■ **Description of the task**: An exact copy of the listing below is needed, with no pictures in it.

■ **Given data**:
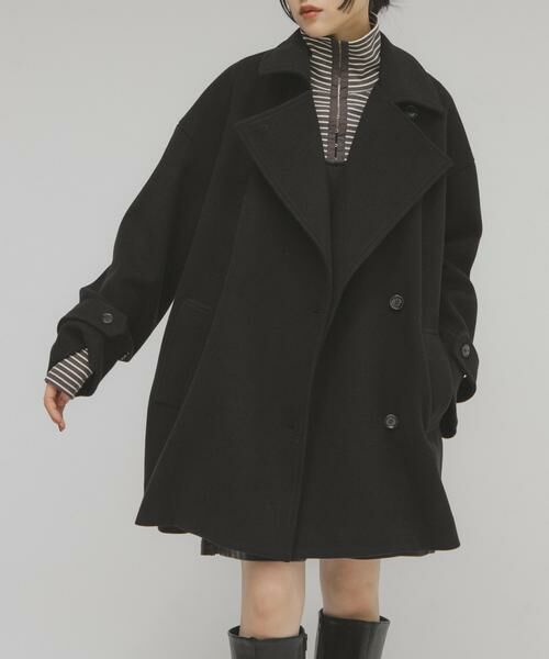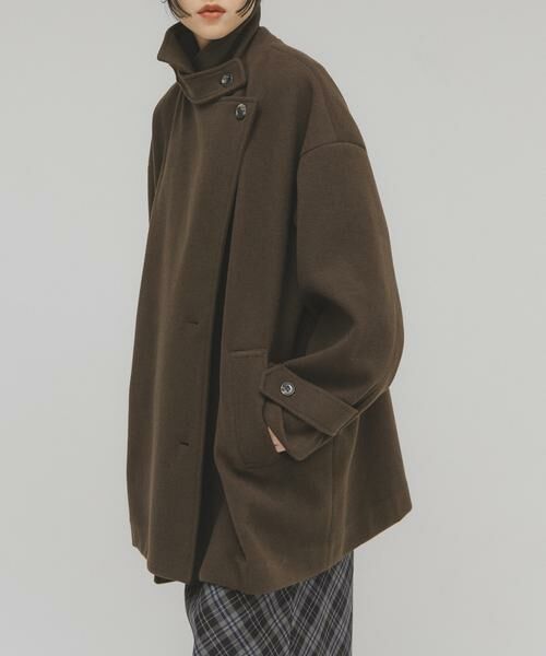 BIGカラー仕様が顔周りを華やかに仕上げるアウター。衿に釦が設定されているので、スタンドカラーとしても着用可能です。また、後ろに大きなタックが入っており、ウエストのタブもポイントになっています。袖は調整可能な釦付きになっており、小さくすると少し丸みが出ます。程よくリラックスしたシルエットと、腰回りがカバーできる絶妙な丈感は、パンツやスカートどちらにも合わせやすいです。
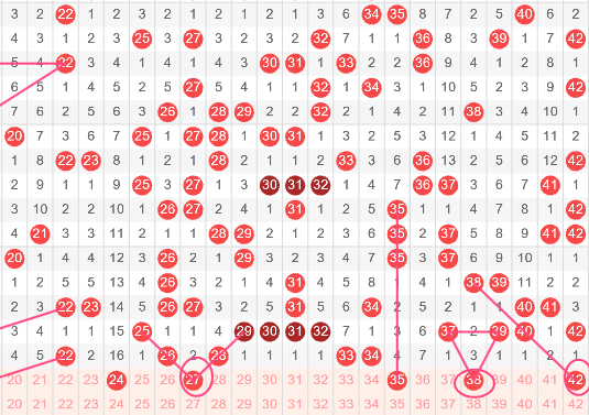 第二区间首先看防守一码冷号24的下落有机会,然后主做一码27号大明码还是机会很大的。尾部看35可防守,38的三角形形态可主做一手,该区间可推荐的选二搭配组合有27 35或者24 42.第二区间胆码主看24 27 38
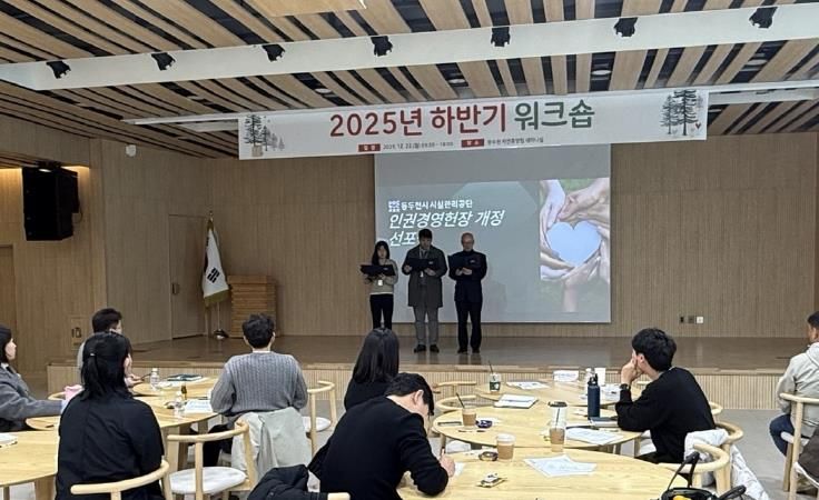 [ 타임즈 - 김시창 기자 ] 동두천시 시설관리공단은 지난 22일 동두천 자연휴양림 세미나실에서 열린 2025년 하반기 워크숍에서 인권경영 헌장 개정 및 선포식을 개최했다고 밝혔다.
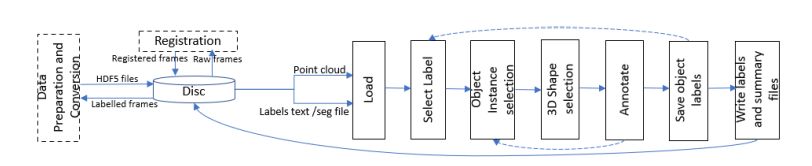 除了商业工具,没有专门的3D点云注释工具,因此,研究界采取了复杂的做法来解决这个问题。例如,都柏林城市数据集使用CloudCompare进行注释,CloudCompare实际上仅用于点云可视化,而不是注释。它的主要功能是将点云划分为若干段,从而对几何复杂的形状进行繁琐的注释,与PC-Annotate不同,CloudCompare也没有适当的标签和统计功能。
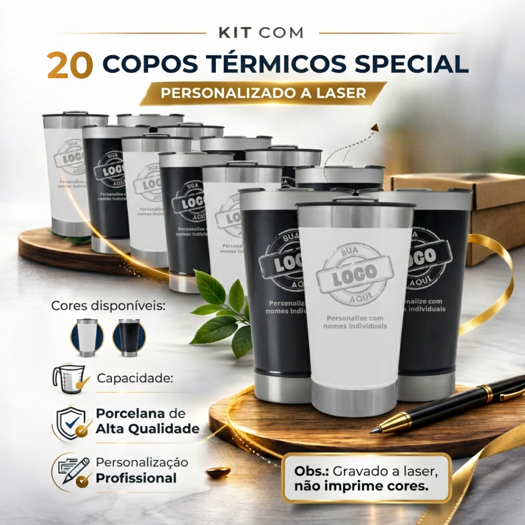 Kit composto por 20 copos térmicos special em inox. Cores disponíveis: branco e preto.
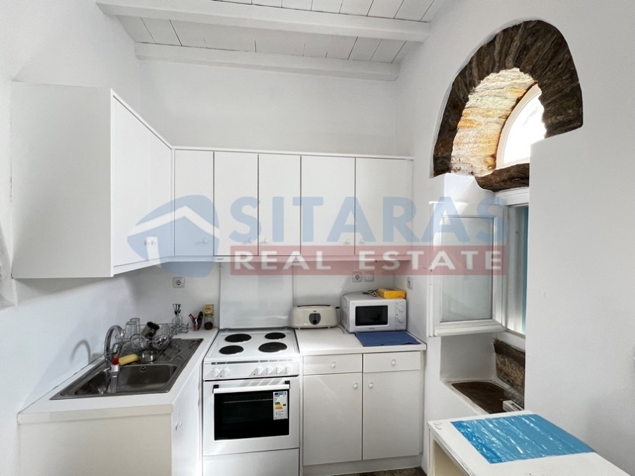 Tinos, in the historic and popular traditional village of Pyrgos (20 km from the port), an exemplary restored, stone-built residence of one hundred and sixty square meters.It was restored with absolute respect for the local architecture, preserving the Cycladic austerity and the medieval atmosphere of the centuries-old houses.It is located in the marble-paved cobblestones of a village with a widespread artistic tradition, home of the famous marble school and birthplace of many artists.It consists on the first floor of a single space for living room with a kitchen, a bathroom and a bedroom with a fireplace. The lower floor is fully arranged as a second apartment, with a kitchen, bathroom, a large single space and a room with a fireplace at the entrance. It is promptly habitable and is already used as a summer accommodation. Outside, it has a nice private terrace overlooking the unique village and the neighboring slopes. The flat roof can also be accessed and offers a wider view to the village. The short distance from the picturesque port of Panormos and the beautiful sandy shores offers easy access to the sea. An interesting property, in excellent condition with the possibility of immediate exploitation.For more information or to schedule an appointment with an office associate, you can call us at (+30)2283025668. Property suggestions are made every day of the week, except Sunday, and upon contact.For the suggestion of a property, it is necessary to present the identity and TIN of the interested buyer/tenant, pursuant to Law 4072/11.4.2012.

■ **Solution to the problem**:
 BIGカラー仕様が顔周りを華やかに仕上げるアウター。衿に釦が設定されているので、スタンドカラーとしても着用可能です。また、後ろに大きなタックが入っており、ウエストのタブもポイントになっています。袖は調整可能な釦付きになっており、小さくすると少し丸みが出ます。程よくリラックスしたシルエットと、腰回りがカバーできる絶妙な丈感は、パンツやスカートどちらにも合わせやすいです。
 第二区间首先看防守一码冷号24的下落有机会,然后主做一码27号大明码还是机会很大的。尾部看35可防守,38的三角形形态可主做一手,该区间可推荐的选二搭配组合有27 35或者24 42.第二区间胆码主看24 27 38
 [ 타임즈 - 김시창 기자 ] 동두천시 시설관리공단은 지난 22일 동두천 자연휴양림 세미나실에서 열린 2025년 하반기 워크숍에서 인권경영 헌장 개정 및 선포식을 개최했다고 밝혔다.
 除了商业工具,没有专门的3D点云注释工具,因此,研究界采取了复杂的做法来解决这个问题。例如,都柏林城市数据集使用CloudCompare进行注释,CloudCompare实际上仅用于点云可视化,而不是注释。它的主要功能是将点云划分为若干段,从而对几何复杂的形状进行繁琐的注释,与PC-Annotate不同,CloudCompare也没有适当的标签和统计功能。
 Kit composto por 20 copos térmicos special em inox. Cores disponíveis: branco e preto.
 Tinos, in the historic and popular traditional village of Pyrgos (20 km from the port), an exemplary restored, stone-built residence of one hundred and sixty square meters.It was restored with absolute respect for the local architecture, preserving the Cycladic austerity and the medieval atmosphere of the centuries-old houses.It is located in the marble-paved cobblestones of a village with a widespread artistic tradition, home of the famous marble school and birthplace of many artists.It consists on the first floor of a single space for living room with a kitchen, a bathroom and a bedroom with a fireplace. The lower floor is fully arranged as a second apartment, with a kitchen, bathroom, a large single space and a room with a fireplace at the entrance. It is promptly habitable and is already used as a summer accommodation. Outside, it has a nice private terrace overlooking the unique village and the neighboring slopes. The flat roof can also be accessed and offers a wider view to the village. The short distance from the picturesque port of Panormos and the beautiful sandy shores offers easy access to the sea. An interesting property, in excellent condition with the possibility of immediate exploitation.For more information or to schedule an appointment with an office associate, you can call us at (+30)2283025668. Property suggestions are made every day of the week, except Sunday, and upon contact.For the suggestion of a property, it is necessary to present the identity and TIN of the interested buyer/tenant, pursuant to Law 4072/11.4.2012.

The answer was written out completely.